# Favorite microtonal compostitions?



## artist202 (Jul 14, 2017)

Really trying to explore this field, already checked out Harry Patrich and Alois Hába. What are some other major artists/composition recommendations? Thanks!


----------



## chill782002 (Jan 12, 2017)

Giacinto Scelsi's works could be said to be microtonal. Some of them, anyway. "Aion" (1961) is one I enjoy.


----------



## RICK RIEKERT (Oct 9, 2017)

Julián Carrillo, possibly the most visionary composer Latin America ever produced, and one of the more innovative composers of the 20th century, is virtually unknown outside of Mexico. During his studies Carrillo began developing an elaborate microtonal system of music which he called Sonido 13, a symbolic name to imply an expansion of the conventional equal temperament 12 tone system of music. He formed an ensemble called Grupo Metropalitano, mainly with his students, to explore and promote his microtonal ideas. Soon after being introduced to Carillo's microtonal work in the 1920s, Leopold Stokowski became a champion of Carrillo's compositions. Stokowski commissioned a Carrillo piece to be performed by the Philadelphia Orchestra. During the premiere, Stokowski said this of Carrillo: "Luckily for America, we do not have to look to European musicians for this revolution, since everything is owed to an Indian who descends from the children of the Continent".


----------



## Phil loves classical (Feb 8, 2017)




----------



## tortkis (Jul 13, 2013)

I love the music of Bill Alves.

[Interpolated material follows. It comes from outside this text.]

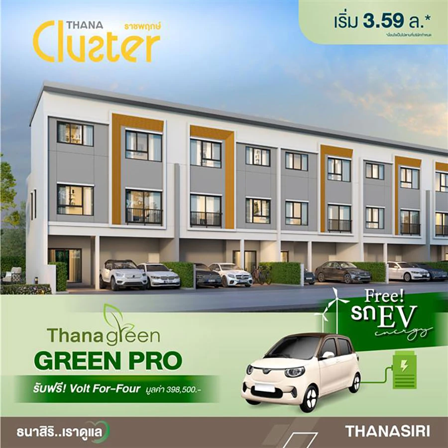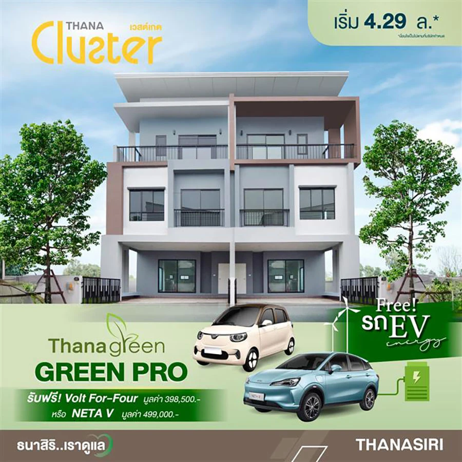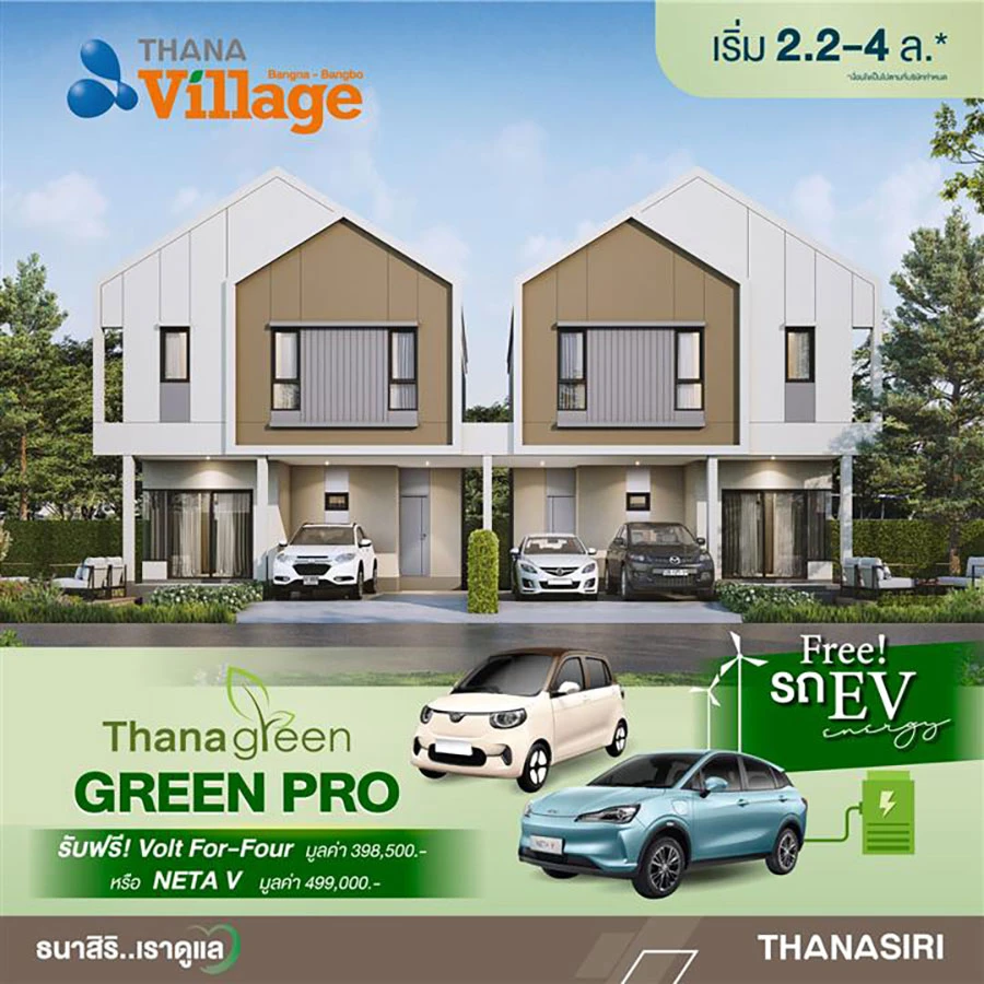 สำหรับแคมเปญ GREEN PRO เป็นกลยุทธ์ส่งเสริมการตลาดที่เริ่มตั้งแต่วันนี้ – 17 ธ.ค. 2566 เพียงซื้อบ้านที่ร่วมใน 7 โครงการ 70 ยูนิต ได้แก่ ธนาวิลเลจ บางนา - บางบ่อ, ธนาสิริวิลเลจ อุดรธานี - แอร์พอร์ต, ธนาคลัสเตอร์ ราชพฤกษ์, ธนาวิลเลจ วงแหวน - ปิ่นเกล้า, ธนาคลัสเตอร์ เวสต์เกต, อนาบูกิ ธนาฮาบิแทต ราชพฤกษ์ และ ธนาเรสซิเดนท์ บรมฯ - ปิ่นเกล้า พร้อมโอนกรรมสิทธิ์ รับสิทธิรถไฟฟ้า (EV) ฟรี มูลค่า 398,500 – 1,590,000 บาท* ประกอบด้วย รถ EV แบรนด์ VOLT For-Four, NETA V, BYD Dolphin, VOLVO Ex30 (ตามโปรโมชั่นรายโครงการ)

Just beautiful.
Concerto for Guitar and Gamelan














Wolfgang von Schweinitz is mysterious. The music does not evoke any ordinary emotion but it is very moving.
Plainsound Glissando Modulation, Op. 49





Fantastic performance of Larry Polansky's Piano Study #5 for Just Fender Rhodes by Andrew C. Smith.
https://indexical.bandcamp.com/album/larry-polansky-piano-study-5


----------



## BabyGiraffe (Feb 24, 2017)

Ivan Wyschnegradsky - Prelude in B, Op. 22, No. 3






Lou Harrison Double Concerto for Violin and Cello with Javanese Gamelan


----------